Presiding Officer of the Tobago House of Assembly
- In office April 2016 – January 2017
- Preceded by: Kelvin Charles
- Succeeded by: Denise Tsoiafatt Angus
- In office December 2019 – September 2020
- Preceded by: Denise Tsoiafatt Angus
- Succeeded by: Oswald Williams

= Vanessa Cutting-Thomas =

Former Tobagonian politician

Vanessa Cutting-Thomas is a Tobagonian politician who formerly served as Presiding Officer of the Tobago House of Assembly (THA). She served as a clerk to the Tobago House of Assembly before becoming Presiding Officer from April 2017 to January 2017, and again from December 2019 to September 2020. Cutting-Thomas is a member of the People's National Movement party.

==Political career==
Before her appointment as the Presiding Officer of the Tobago House of Assembly, Cutting-Thomas served as a clerk to the THA from 2009 to 2013 under the Assembly Legislature Secretariat.

From April 28, 2016 to January 26, 2017, Cutting-Thomas was the Presiding Officer of the Tobago House of Assembly.

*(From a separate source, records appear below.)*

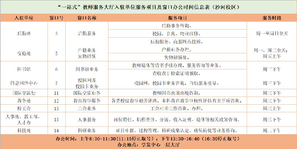 “一站式”教师服务大厅入驻单位服务项目及窗口办公时间信息表(沙河校区)
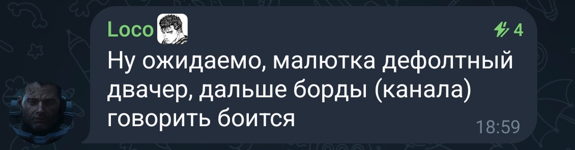 >Поэтому твой совет как раз и похож на шизов, которые задают тейки, где "добровольно записываю себя в когорту психически-больных" >Иначе бы они вели себя достойнее кмон. >Жмилю есть, что предьявлять, в том числе и за его патриотичную позицию. Если начну подымать тему сходки, что есть беспросветная тупизна, уж простите - я закопаю себя ещё до начала разговора буквально. Перечитай мой пост. Попробуй уловить то что сказано между строк, а вначале поста прямыми словами
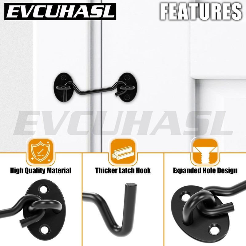 - 【3 Inch Hook and Eye Latch】EVCUHASL's latches are made of premium solid stainless steel, treated with ultra-high-temperature double-layer matte black coating. Features exceptional durability, corrosion resistance, oxidation resistance, and rustproof properties. Seamless one-piece construction ensures lasting strength.
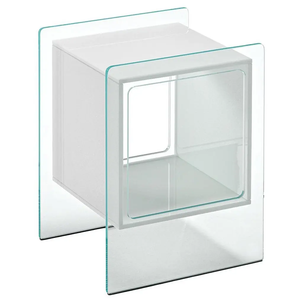 Bedside table with cubic inner compartment in 10-mm thick glass. Available in various finishes. Extralight glass structure, smoked glass inner compartment.
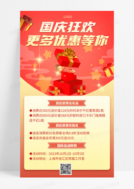 活动促销红色礼盒3d简约国庆节活动促销手机宣传海报
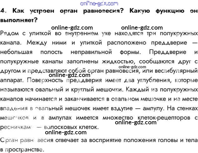 Готовые домашние задания по Биологии за 8 класс Учебник Драгомилов, Маш Алгоритм успеха 2022 - Вопросы §16. Органы слуха и равновесия. Их анализаторы 4
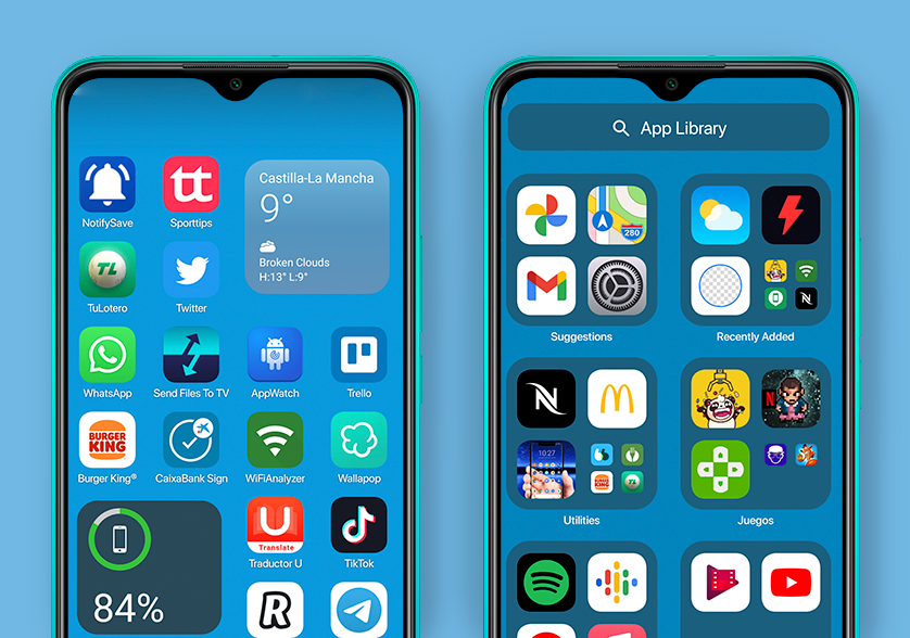 Y sí, hace su trabajo a la perfección. Cuenta con un paquete de iconos muy similar al de Apple, sus fondos de pantalla, el dock inferior y la popular App Library. ¡Incluso tiene los widgets que se implementaron hace poco!

She replaced previous Presiding Officer Kelvin Charles, who had resigned.

In December 2019, she was re-appointed as presiding officer, succeeding Denise Tsoiafatt Angus, who had held the position for two and a half years. She was nominated for the position by Chief Secretary Kelvin Charles, who she had replaced in her first term in the position. As Presiding Officer, she earned a salary of $20,890.

In May 2020, Cutting-Thomas administered the oath of office to new Chief Secretary Ancil Dennis, a move which faced legal opposition from then-Minority Leader Watson Duke. The position had opened up when Kelvin Charles vacated the role, leaving Cutting-Thomas to call a special sitting and the elected assembly would vote on who would replace him.

In response to the COVID-19 pandemic, Cutting-Thomas swore in Tracy Davidson-Celestine as a councillor in the Tobago House of Assembly and assigned her the portfolio of Secretary in the Division of Health, Wellness, and Family Development.

In October 2020, she was succeeded by Oswald Williams after stepping down from the role the month before.

Cutting-Thomas is a member of the People's National Movement party.